Search code examples
phpcsvcharacter-encodingbyte-order-markutf-16le

PHP cannot parse CSV correctly (file is in UTF-16LE)


I am trying to parse a CSV file using PHP.
The file uses commas as delimiter and double quotes for fields containing comma(s), as:

foo,"bar, baz",foo2

The issue I am facing is that I get fields containing comma(s) separated. I get:

  • "2
  • rue du ..."

Instead of: 2, rue du ....


Encoding:
The file doesn't seem to be in UTF8. It has weird wharacters at the beginning (apparently not BOM, looks like this when converted from ASCII to UTF8: ÿþ) and doesn't displays accents.

  • My code editor (Atom) tells the encoding is UTF-16 LE
  • using mb_detect_encoding() on the csv lines it returns ASCII

But it fails to convert:

  • mb_convert_encoding() converts from ASCII but returns asian characters from UTF-16LE
  • iconv() returns Notice: iconv(): Wrong charset, conversion from UTF-16LE/ASCII to UTF8 is not allowed.

Parsing:
I tried to parse with this one-liner (see those 2 comments) using str_getcsv():

$csv = array_map('str_getcsv', file($file['tmp_name']));

I then tried with fgetcsv() :

$f = fopen($file['tmp_name'], 'r');
while (($l = fgetcsv($f)) !== false) {
    $arr[] = $l;
}
$f = fclose($f);

In both ways I get my adress field in 2 parts. But when I try this code sample I get correctly parsed fields:

$str = 'foo,"bar, baz",foo2,azerty,"ban, bal",doe';
$data = str_getcsv($str);
echo '<pre>' . print_r($data, true) . '</pre>';

To sum up with questions:

  • What are the characters at the beginning of the file ?
  • How could I be sure about the encoding ? (Atom reads the file with UTF-16 LE and doesn't display weird characters at the beginning)
  • What makes the csv parsing functions fail ?
  • If I should rely on something else to parse the lines of the CSV, what could I use ?

Solution

  • I finally solved it myself:

    I sent the file into online encoding detection websites which returned UTF16LE. After checking about what is UTF16LE it says it has BOM (Byte Order Mark).
    My previous attempts were using file() which returns an array of the lines of a file and with fopen() which returns a resource, but we still parse line by line.

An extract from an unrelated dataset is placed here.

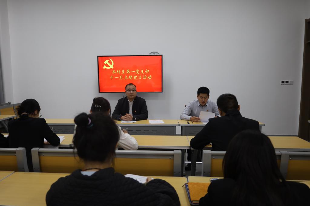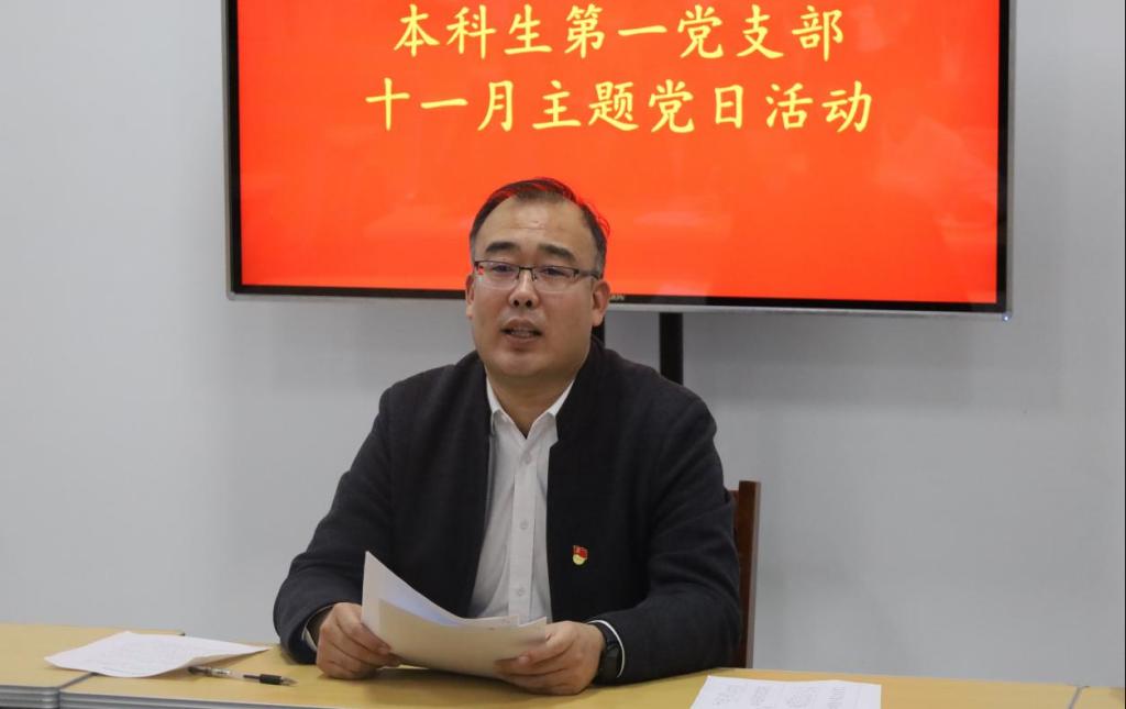 11月20日下午,大乐透 本科生第一党支部于孔子书院B104教室召开11月份主题党日活动。会议由支部副书记闫浩主持。
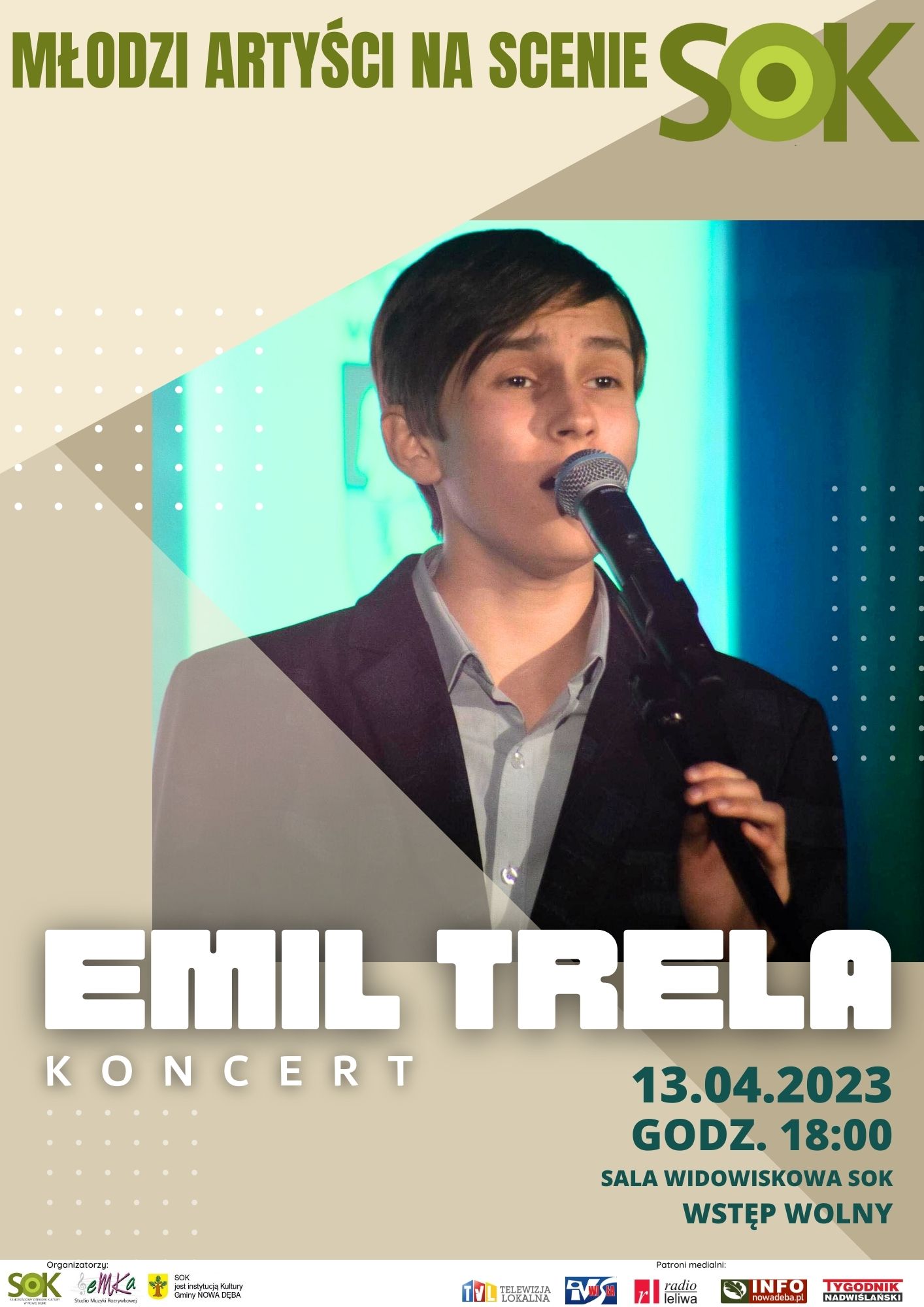 Pierwszy koncert z cyklu MŁODZI ARTYŚCI NA SCENIE SOK. Już 13 kwietnia o godz. 18:00 w sali widowiskowej SOK wystąpi Emil Trela - serdecznie zapraszamy!

    The working solution came in my mind about converting the whole file (every line at once) instead of converting each line separately. Here is a working solution:

    $f = file_get_contents($file['tmp_name']);          // Get the whole file as string
    $f = mb_convert_encoding($f, 'UTF8', 'UTF-16LE');   // Convert the file to UTF8
    $f = preg_split("/\R/", $f);                        // Split it by line breaks
    $f = array_map('str_getcsv', $f);                   // Parse lines as CSV data
    

    I don't get the adress fields separated at internal commas anymore.